Re: Can prune_icache safely discard inodes which have only clean pages? (2.4.18)

From: Andrew Morton (akpm@digeo.com)
Date: Fri Sep 13 2002 - 14:57:36 EST


Bill Davenport wrote:
>
> I've got a system which has a fairly large amount of physical memory (2GB)
> that experiences
> performance problems after a large number of files have been accessed.
>
> ...

Your analysis is 100% correct. It's a problem.
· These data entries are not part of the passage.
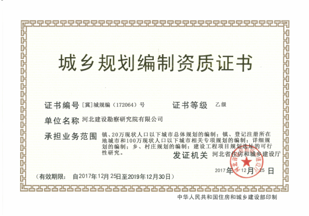經(jīng)過(guò)艱苦努力,我公司于2017年12月25日取得了城鄉(xiāng)規(guī)劃編制乙級(jí)資質(zhì)證書,可承擔(dān)20萬(wàn)現(xiàn)狀人口以下城市總體規(guī)劃的編制,登記注冊(cè)所在地城市和100萬(wàn)現(xiàn)狀人口以下城市相關(guān)專項(xiàng)規(guī)劃的編制,以及建設(shè)工程項(xiàng)目規(guī)劃選址的可行性研究。
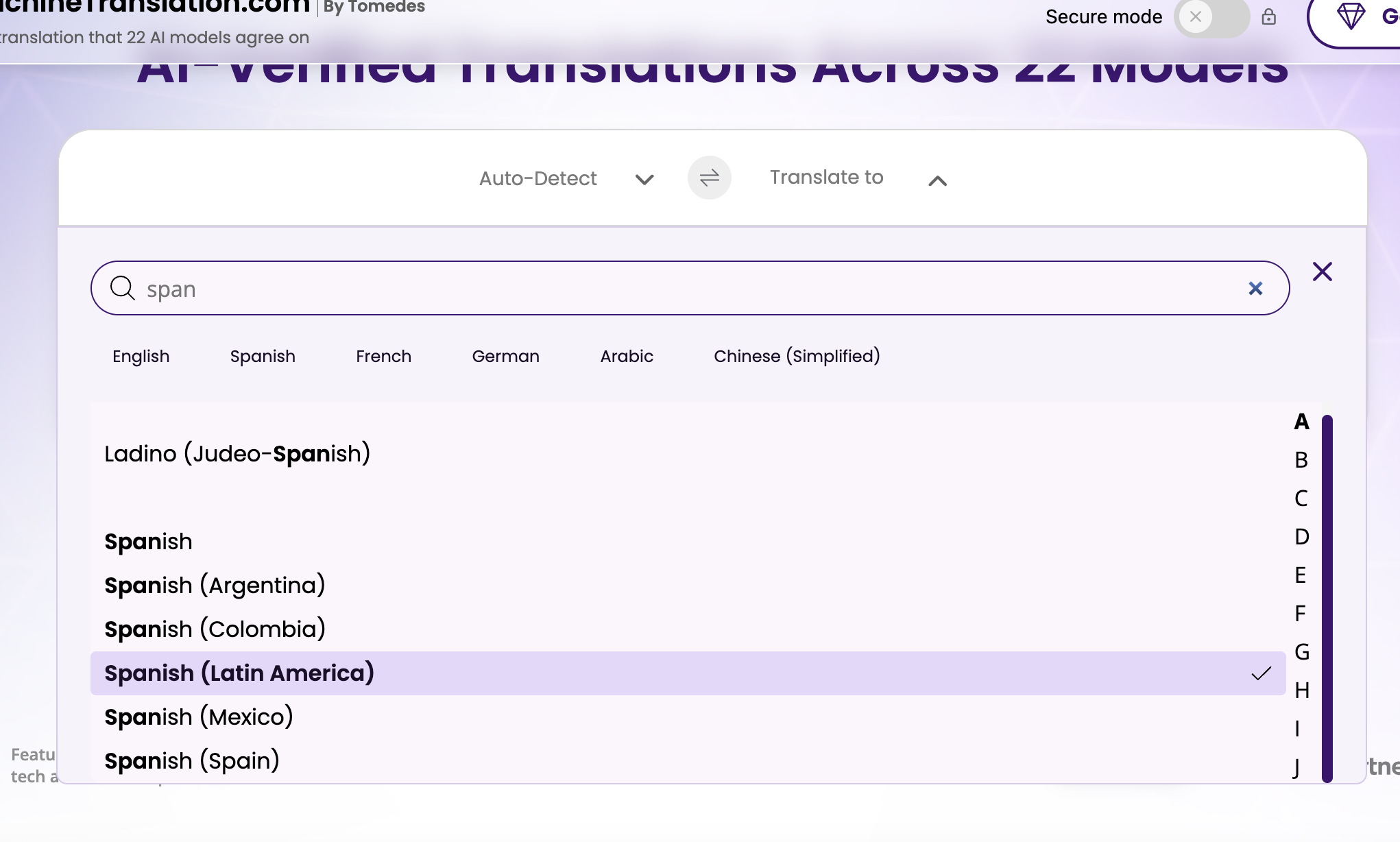 MachineTranslation.com permite comparar el resultado de más de 20 modelos de IA simultáneamente, lo que hace visibles las diferencias de registro entre motores. También permite seleccionar la variante de español latinoamericano, que aplica normas regionales más cercanas al español formal mexicano. Puedes configurar estas preferencias directamente desde la página de traducción de inglés a español.
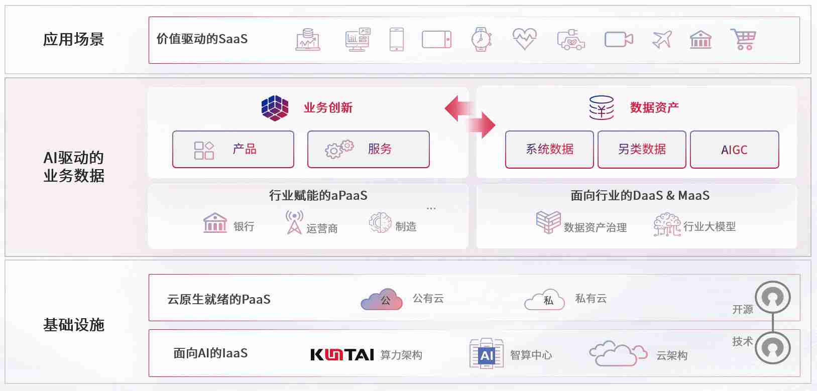 数字时代,,,围绕企业数字化转型的关键要素,,,凯时尊龙数码开创性的提出数云融合战略和技术体系框架,,,,着力在云原生、、数字原生、、AI原生和信创产业上架构产品和服务能力,,为处在不同数字化转型阶段的快消零售、、汽车、、、金融、、、医疗、、、政企、、、教育、、、运营商等行业客户提供泛在的敏捷IT能力和融合的数据驱动能力,,,构建跨界融合创新的数字业务场景和新业务模式,,助力企业级客户建立面向未来的核心能力和竞争优势,,,,全面推动社会的数字化、、、智能化转型升级。。。。

There's a fix for this in Andrea's kernel.
 
> ...
>
> and I'd like to change it to:
>
> void prune_icache(int goal)
> {
> ...
> while (entry != &inode_unused)
> {
> ...
> if (inode->i_state & (I_FREEING|I_CLEAR|I_LOCK))
> continue;
> if ((inode->i_state != 0) || inode_has_buffers(inode))
> continue;
> if (inode->i_data.nrpages != 0) {
> if ((!list_empty(&inode->i_data.dirty_pages)) ||
> (!list_empty(&inode->i_data.locked_pages))) {
> /* skip if any dirty or locked pages */
> continue;
> }
> }

locked_pages tends to hold clean, unlocked pages, alas. Testing
->dirty_pages makes sense.

If there are no dirty pages then you can run invalidate_inode_pages();
chances are, that will bring ->nrpages to zero, and all is well.